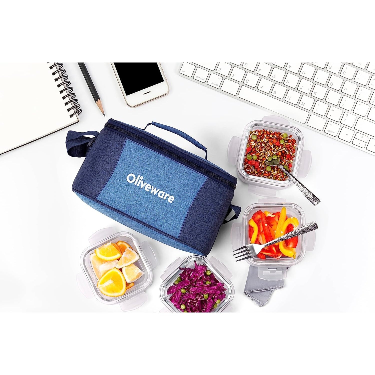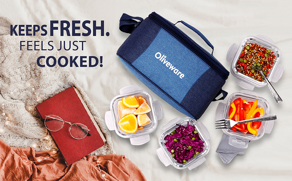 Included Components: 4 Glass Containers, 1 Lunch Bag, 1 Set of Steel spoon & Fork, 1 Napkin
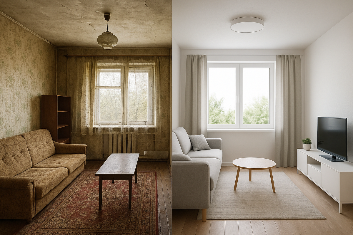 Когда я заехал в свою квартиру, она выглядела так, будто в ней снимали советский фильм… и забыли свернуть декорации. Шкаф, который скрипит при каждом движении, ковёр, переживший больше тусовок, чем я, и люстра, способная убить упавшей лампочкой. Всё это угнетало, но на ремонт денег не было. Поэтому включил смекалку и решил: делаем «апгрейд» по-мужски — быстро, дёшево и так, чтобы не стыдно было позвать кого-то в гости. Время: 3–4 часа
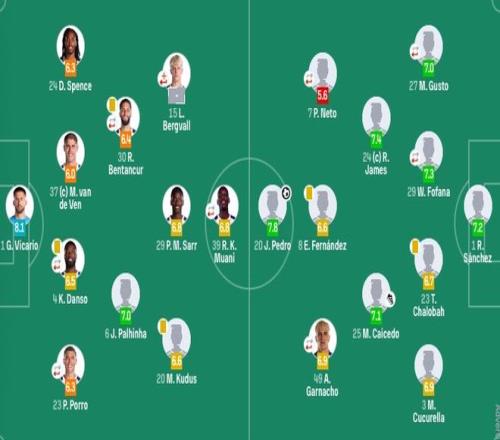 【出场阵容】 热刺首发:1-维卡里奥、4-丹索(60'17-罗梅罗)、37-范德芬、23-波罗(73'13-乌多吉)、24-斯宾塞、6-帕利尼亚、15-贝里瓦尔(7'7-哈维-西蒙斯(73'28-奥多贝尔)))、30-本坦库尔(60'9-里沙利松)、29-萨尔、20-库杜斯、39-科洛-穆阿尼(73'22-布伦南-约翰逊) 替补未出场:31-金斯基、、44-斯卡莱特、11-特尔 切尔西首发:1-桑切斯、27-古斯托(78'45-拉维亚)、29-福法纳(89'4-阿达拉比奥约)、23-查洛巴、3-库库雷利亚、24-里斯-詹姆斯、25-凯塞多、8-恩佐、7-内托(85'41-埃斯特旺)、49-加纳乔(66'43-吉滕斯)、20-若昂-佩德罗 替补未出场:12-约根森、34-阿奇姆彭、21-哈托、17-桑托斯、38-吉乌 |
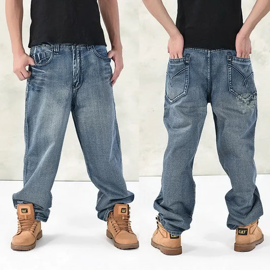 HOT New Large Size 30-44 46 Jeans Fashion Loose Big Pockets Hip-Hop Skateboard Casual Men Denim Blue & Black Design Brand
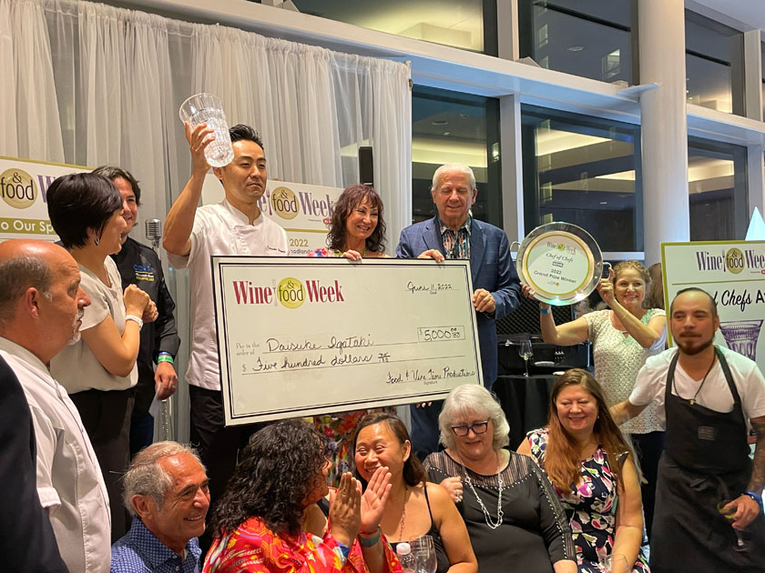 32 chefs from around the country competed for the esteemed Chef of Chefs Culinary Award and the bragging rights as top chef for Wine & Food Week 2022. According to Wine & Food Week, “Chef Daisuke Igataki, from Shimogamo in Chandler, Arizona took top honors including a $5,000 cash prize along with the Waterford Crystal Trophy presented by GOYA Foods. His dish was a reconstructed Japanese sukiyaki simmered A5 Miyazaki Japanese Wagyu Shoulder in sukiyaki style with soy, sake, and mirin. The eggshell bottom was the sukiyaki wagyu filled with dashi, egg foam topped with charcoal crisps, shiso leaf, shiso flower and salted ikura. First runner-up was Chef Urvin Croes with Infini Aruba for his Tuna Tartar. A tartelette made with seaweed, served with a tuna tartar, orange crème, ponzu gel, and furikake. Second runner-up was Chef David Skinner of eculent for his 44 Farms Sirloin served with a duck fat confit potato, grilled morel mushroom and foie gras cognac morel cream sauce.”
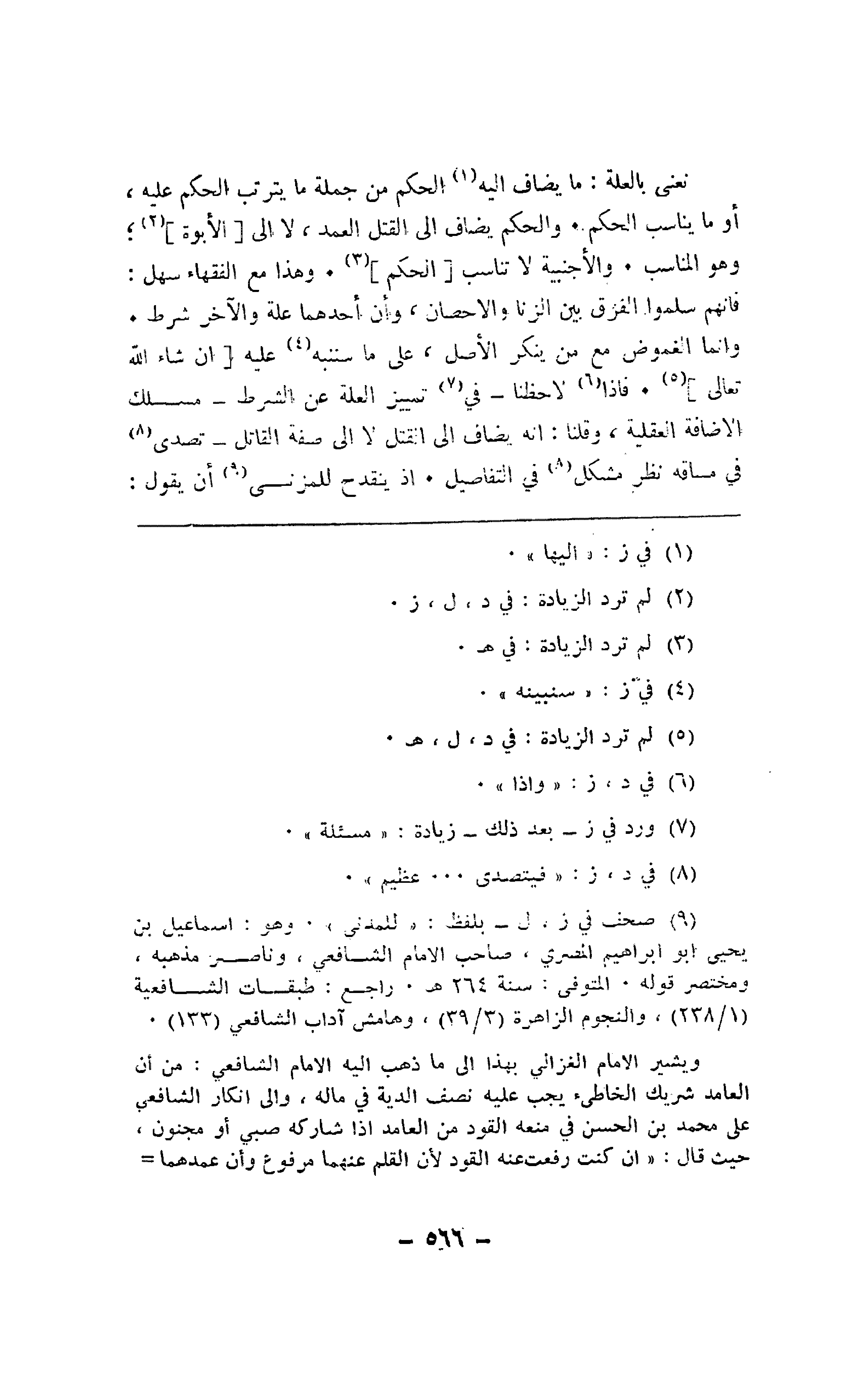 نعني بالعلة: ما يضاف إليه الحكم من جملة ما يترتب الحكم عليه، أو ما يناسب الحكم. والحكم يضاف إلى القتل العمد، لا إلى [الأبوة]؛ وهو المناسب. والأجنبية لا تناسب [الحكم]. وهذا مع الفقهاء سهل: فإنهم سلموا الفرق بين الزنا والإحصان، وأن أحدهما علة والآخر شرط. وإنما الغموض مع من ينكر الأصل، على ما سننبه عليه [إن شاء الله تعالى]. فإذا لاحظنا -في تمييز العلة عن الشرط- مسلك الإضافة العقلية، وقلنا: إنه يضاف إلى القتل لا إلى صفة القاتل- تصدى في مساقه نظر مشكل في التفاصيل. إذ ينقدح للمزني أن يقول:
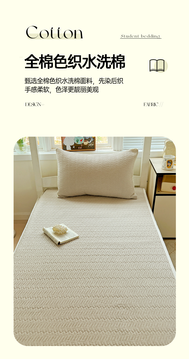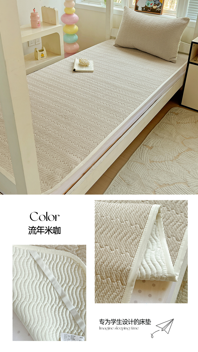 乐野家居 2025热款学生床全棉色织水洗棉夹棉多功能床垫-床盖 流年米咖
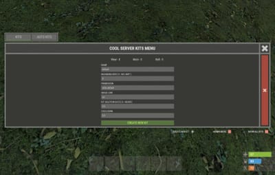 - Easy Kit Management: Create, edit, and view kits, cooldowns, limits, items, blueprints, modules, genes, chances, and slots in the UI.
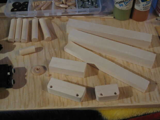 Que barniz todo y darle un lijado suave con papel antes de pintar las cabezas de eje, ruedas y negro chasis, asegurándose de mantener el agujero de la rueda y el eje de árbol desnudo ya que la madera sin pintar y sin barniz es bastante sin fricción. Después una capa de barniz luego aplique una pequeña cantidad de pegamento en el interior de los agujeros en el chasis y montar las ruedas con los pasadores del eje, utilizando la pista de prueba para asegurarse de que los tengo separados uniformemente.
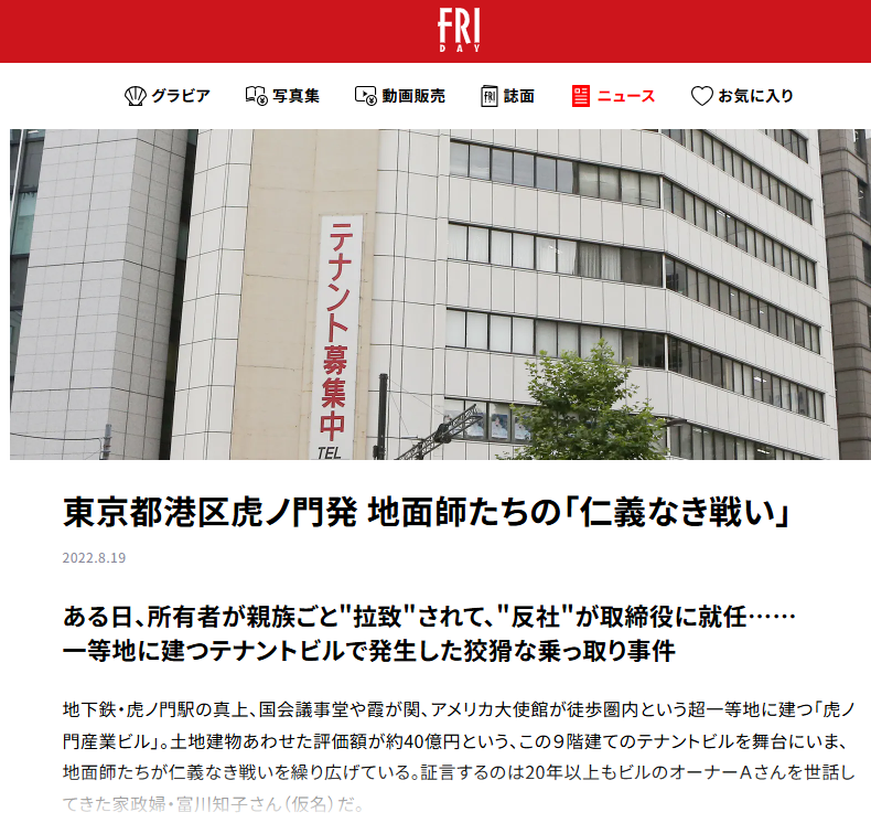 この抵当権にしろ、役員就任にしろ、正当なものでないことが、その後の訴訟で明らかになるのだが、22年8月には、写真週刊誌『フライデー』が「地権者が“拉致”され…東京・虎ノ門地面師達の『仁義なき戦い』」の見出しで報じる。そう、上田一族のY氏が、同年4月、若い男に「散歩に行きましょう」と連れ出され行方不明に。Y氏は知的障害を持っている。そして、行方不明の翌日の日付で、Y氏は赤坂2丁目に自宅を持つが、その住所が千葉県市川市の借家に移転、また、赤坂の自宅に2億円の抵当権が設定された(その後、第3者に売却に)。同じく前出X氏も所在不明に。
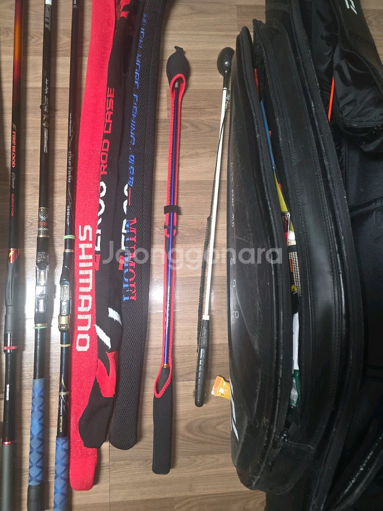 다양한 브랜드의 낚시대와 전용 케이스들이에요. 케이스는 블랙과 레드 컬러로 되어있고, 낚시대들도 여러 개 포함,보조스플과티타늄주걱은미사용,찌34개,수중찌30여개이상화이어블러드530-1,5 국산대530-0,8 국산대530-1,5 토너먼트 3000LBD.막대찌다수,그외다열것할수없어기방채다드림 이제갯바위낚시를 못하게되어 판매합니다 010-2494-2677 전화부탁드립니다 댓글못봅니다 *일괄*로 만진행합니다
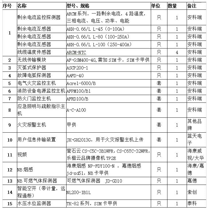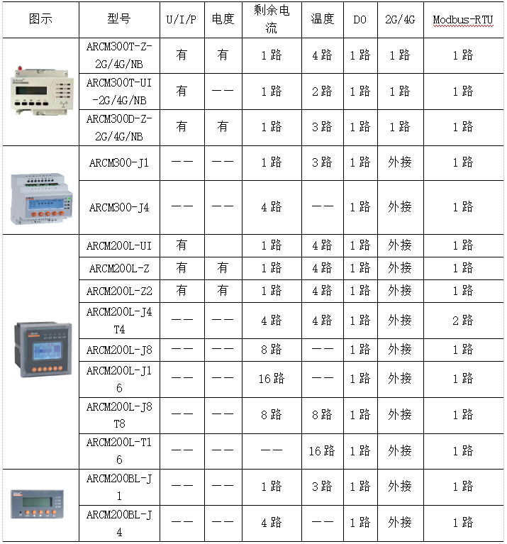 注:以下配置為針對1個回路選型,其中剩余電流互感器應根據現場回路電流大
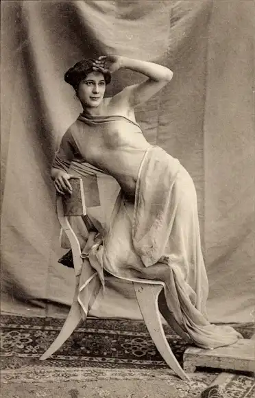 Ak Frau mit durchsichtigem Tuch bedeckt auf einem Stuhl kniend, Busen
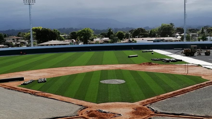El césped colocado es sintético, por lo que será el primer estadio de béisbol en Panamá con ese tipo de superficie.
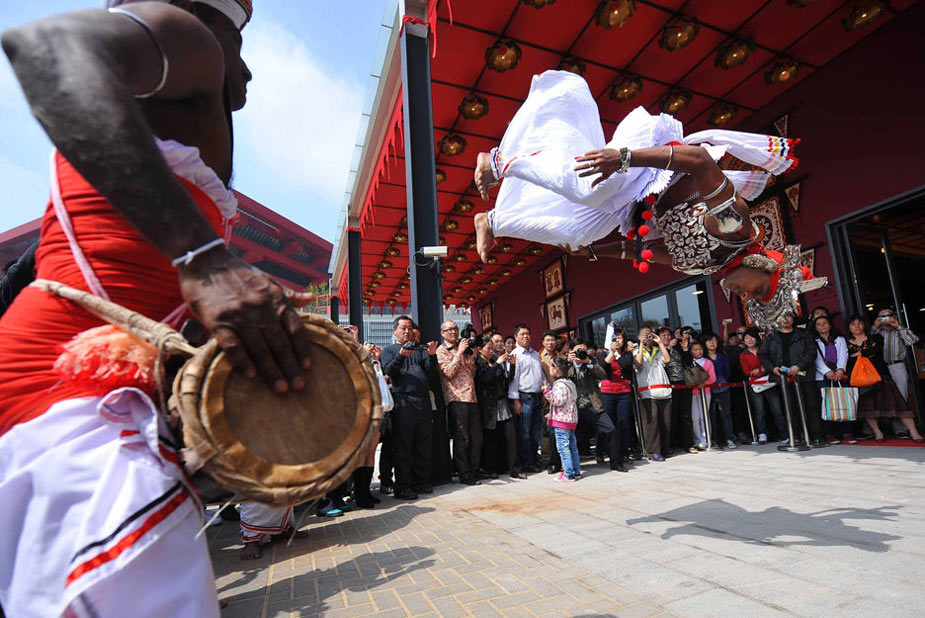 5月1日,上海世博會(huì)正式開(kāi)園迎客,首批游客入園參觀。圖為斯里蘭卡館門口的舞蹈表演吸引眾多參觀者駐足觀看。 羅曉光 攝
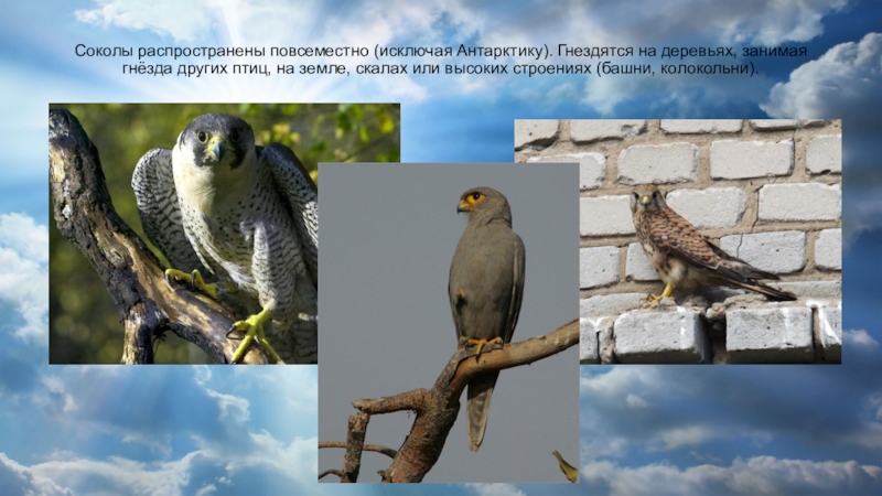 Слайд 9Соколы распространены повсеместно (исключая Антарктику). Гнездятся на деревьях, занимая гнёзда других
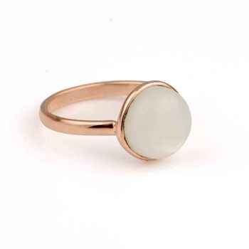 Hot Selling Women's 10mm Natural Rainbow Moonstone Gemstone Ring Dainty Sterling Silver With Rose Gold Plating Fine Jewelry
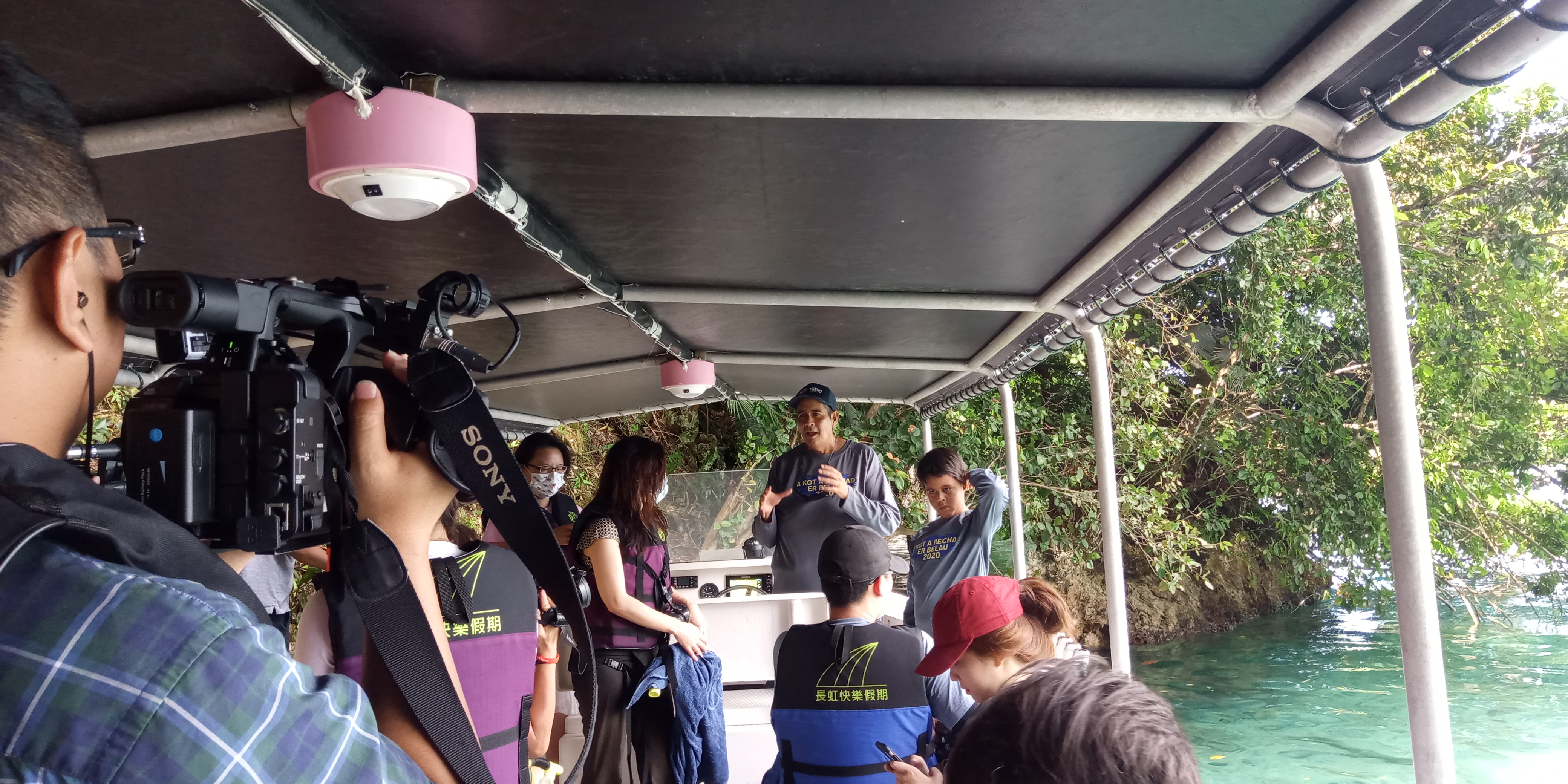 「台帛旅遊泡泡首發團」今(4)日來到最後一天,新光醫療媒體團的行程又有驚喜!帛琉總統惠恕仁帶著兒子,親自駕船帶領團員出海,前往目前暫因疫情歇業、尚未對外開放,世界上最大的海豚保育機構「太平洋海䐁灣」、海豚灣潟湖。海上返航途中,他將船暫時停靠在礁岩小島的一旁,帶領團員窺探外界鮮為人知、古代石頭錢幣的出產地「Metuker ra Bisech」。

··········

_Task objective_
Could you reproduce exactly, and only, the lines from the start of the records through the line containing "HOT New Large", leaving out the pictures?

_Output for this task_
 Included Components: 4 Glass Containers, 1 Lunch Bag, 1 Set of Steel spoon & Fork, 1 Napkin
 Когда я заехал в свою квартиру, она выглядела так, будто в ней снимали советский фильм… и забыли свернуть декорации. Шкаф, который скрипит при каждом движении, ковёр, переживший больше тусовок, чем я, и люстра, способная убить упавшей лампочкой. Всё это угнетало, но на ремонт денег не было. Поэтому включил смекалку и решил: делаем «апгрейд» по-мужски — быстро, дёшево и так, чтобы не стыдно было позвать кого-то в гости. Время: 3–4 часа
 【出场阵容】 热刺首发:1-维卡里奥、4-丹索(60'17-罗梅罗)、37-范德芬、23-波罗(73'13-乌多吉)、24-斯宾塞、6-帕利尼亚、15-贝里瓦尔(7'7-哈维-西蒙斯(73'28-奥多贝尔)))、30-本坦库尔(60'9-里沙利松)、29-萨尔、20-库杜斯、39-科洛-穆阿尼(73'22-布伦南-约翰逊) 替补未出场:31-金斯基、、44-斯卡莱特、11-特尔 切尔西首发:1-桑切斯、27-古斯托(78'45-拉维亚)、29-福法纳(89'4-阿达拉比奥约)、23-查洛巴、3-库库雷利亚、24-里斯-詹姆斯、25-凯塞多、8-恩佐、7-内托(85'41-埃斯特旺)、49-加纳乔(66'43-吉滕斯)、20-若昂-佩德罗 替补未出场:12-约根森、34-阿奇姆彭、21-哈托、17-桑托斯、38-吉乌 |
 HOT New Large Size 30-44 46 Jeans Fashion Loose Big Pockets Hip-Hop Skateboard Casual Men Denim Blue & Black Design Brand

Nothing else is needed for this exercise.